Archive

Posts Tagged ‘experiment’

The complexity of three assignment statements

April 15, 2009 No comments

Once I got into researching my book on C I was surprised at how few experiments had been run using professional software developers. I knew a number of people on the Association of C and C++ Users committee, in particular the then chair Francis Glassborow, and suggested that they ought to let me run an experiment at the 2003 ACCU conference. They agreed and I have been running an experiment every year since.

Before the 2003 conference I had never run an experiment that had people as subjects. I knew that if I wanted to obtain a meaningful result the number of factors that could vary had to be limited to as few as possible. I picked a topic which has probably been the subject of more experiments that any other topics, short term memory. The experimental design asked subjects to remember a list of three assignment statements (e.g., X = 5;), perform an unrelated task that was likely to occupy them for 10 seconds or so, and then recognize the variables they had previously seen within a list and recall the numeric value assigned to each variable.

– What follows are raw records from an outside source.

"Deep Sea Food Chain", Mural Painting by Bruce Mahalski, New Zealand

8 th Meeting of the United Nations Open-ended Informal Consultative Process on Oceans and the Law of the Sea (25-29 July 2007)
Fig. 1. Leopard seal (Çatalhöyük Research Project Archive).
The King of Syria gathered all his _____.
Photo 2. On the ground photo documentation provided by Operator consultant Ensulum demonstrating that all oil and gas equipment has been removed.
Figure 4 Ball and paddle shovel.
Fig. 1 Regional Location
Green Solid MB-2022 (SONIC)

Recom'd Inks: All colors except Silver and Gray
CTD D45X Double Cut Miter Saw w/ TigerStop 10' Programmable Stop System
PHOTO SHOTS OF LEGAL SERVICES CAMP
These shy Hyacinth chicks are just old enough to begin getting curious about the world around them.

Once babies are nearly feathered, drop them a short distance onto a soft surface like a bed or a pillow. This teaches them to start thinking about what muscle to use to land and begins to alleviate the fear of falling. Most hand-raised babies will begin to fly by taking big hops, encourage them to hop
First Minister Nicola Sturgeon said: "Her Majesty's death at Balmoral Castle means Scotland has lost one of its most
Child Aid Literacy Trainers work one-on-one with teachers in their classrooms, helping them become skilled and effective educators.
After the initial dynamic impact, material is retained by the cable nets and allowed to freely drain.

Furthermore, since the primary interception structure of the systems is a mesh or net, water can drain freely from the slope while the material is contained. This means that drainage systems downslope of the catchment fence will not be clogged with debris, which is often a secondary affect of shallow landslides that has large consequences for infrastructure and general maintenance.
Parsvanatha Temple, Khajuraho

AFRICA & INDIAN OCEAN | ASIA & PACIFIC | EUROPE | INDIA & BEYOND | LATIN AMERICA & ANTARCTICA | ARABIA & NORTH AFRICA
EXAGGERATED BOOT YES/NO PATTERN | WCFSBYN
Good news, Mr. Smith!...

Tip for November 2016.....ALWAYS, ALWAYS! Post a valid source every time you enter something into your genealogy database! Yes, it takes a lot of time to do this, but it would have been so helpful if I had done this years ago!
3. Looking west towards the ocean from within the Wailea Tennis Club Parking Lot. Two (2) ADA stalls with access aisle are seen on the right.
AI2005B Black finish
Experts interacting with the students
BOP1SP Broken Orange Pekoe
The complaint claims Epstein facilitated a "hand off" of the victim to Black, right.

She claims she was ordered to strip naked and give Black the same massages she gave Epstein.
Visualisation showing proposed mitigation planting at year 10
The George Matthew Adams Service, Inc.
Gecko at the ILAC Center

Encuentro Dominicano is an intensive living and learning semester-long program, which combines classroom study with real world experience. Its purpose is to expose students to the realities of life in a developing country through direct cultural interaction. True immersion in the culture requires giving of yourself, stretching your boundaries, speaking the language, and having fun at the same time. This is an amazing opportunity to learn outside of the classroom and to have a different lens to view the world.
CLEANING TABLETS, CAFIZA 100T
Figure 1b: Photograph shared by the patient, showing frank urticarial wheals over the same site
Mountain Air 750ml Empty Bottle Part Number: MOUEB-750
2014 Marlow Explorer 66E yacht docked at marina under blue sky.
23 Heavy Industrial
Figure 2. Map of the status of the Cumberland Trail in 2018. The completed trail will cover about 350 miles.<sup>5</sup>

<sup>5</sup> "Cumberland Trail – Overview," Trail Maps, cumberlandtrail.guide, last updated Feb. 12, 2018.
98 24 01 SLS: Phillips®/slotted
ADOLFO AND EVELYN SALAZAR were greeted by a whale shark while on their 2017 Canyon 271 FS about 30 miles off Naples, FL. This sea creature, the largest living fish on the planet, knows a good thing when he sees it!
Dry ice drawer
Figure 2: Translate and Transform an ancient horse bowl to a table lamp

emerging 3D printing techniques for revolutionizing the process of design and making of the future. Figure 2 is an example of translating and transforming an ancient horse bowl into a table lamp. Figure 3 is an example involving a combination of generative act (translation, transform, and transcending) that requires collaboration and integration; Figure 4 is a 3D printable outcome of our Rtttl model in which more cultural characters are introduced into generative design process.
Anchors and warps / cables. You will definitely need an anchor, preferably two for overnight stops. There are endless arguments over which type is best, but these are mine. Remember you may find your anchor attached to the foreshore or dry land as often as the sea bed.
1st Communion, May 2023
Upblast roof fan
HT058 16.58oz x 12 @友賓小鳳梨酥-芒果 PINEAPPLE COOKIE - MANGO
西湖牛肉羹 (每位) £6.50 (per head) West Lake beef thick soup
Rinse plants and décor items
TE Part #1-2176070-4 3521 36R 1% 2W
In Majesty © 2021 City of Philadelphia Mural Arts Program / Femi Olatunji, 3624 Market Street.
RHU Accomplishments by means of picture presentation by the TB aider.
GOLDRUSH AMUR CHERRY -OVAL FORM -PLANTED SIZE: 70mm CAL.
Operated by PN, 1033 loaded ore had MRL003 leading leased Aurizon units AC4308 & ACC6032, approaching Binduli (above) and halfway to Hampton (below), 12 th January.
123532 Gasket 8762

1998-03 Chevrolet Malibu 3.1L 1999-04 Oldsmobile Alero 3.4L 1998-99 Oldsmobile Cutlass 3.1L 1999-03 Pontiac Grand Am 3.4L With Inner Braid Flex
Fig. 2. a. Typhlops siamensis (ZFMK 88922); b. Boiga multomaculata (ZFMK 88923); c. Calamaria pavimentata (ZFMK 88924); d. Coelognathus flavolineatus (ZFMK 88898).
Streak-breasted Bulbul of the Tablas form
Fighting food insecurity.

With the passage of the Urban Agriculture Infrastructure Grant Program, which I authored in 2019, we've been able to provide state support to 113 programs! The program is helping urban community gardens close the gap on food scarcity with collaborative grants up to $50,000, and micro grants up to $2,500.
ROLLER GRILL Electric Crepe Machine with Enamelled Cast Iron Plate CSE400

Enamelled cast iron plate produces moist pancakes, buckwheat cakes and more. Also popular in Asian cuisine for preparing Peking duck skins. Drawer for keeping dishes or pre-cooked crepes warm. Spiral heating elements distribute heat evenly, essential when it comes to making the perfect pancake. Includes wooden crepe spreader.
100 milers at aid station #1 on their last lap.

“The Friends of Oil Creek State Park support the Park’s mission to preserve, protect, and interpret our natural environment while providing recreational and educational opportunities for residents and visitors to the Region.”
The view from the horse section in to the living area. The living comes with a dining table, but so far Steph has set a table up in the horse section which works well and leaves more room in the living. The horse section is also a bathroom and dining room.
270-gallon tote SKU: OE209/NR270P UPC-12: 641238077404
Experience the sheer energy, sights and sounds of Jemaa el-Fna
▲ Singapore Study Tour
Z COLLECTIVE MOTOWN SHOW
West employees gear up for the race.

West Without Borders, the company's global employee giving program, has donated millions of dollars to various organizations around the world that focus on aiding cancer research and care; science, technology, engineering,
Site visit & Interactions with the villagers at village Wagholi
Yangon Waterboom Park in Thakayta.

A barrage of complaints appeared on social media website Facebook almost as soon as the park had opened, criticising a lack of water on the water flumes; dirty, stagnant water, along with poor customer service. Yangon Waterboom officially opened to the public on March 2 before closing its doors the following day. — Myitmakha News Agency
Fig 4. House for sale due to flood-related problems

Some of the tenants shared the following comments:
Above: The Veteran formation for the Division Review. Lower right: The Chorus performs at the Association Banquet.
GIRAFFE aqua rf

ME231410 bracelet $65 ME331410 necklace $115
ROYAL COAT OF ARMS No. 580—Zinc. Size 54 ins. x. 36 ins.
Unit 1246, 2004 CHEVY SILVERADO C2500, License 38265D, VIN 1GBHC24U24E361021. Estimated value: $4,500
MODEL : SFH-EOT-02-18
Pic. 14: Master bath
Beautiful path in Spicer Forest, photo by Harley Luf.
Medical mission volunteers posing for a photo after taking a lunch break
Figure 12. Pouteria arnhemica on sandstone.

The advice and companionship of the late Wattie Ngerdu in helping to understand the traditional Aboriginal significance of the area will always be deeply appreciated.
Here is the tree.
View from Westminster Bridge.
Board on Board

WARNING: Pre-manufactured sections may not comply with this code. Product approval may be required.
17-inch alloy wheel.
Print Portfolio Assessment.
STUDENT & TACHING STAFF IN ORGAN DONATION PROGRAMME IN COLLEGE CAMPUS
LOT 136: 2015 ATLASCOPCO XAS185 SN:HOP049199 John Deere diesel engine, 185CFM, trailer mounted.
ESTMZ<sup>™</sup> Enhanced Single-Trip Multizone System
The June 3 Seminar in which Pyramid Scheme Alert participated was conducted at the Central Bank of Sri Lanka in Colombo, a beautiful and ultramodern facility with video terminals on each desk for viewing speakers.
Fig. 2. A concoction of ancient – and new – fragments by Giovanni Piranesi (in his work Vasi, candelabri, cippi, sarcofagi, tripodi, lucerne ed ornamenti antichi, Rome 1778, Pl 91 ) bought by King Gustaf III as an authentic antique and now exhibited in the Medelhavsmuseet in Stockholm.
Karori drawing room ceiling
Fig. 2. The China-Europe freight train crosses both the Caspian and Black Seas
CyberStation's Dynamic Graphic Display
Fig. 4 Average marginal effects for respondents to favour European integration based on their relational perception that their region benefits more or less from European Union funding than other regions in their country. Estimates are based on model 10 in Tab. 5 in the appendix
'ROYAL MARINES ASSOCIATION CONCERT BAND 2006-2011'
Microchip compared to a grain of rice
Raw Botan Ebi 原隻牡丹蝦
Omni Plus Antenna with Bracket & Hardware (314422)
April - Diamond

I knew all about the factors that influenced memory performance for lists of words: word frequency, word-length, phonological similarity, how chunking was often used to help store/recall information and more. My variable names were carefully chosen to balance all of these effects and the information content of the three assignments required slightly more short term memory storage than subjects were likely to have.

The results showed none of the effects that I was expecting. Had I found evidence that a professional software developer’s brain really did operate differently than other peoples’ or was something wrong with my experiment? I tried again two years later (I ran a non-memory experiment the following year while I mulled over my failure) and this time a chance conversation with one of the subjects after the experiment uncovered one factor I had not controlled for.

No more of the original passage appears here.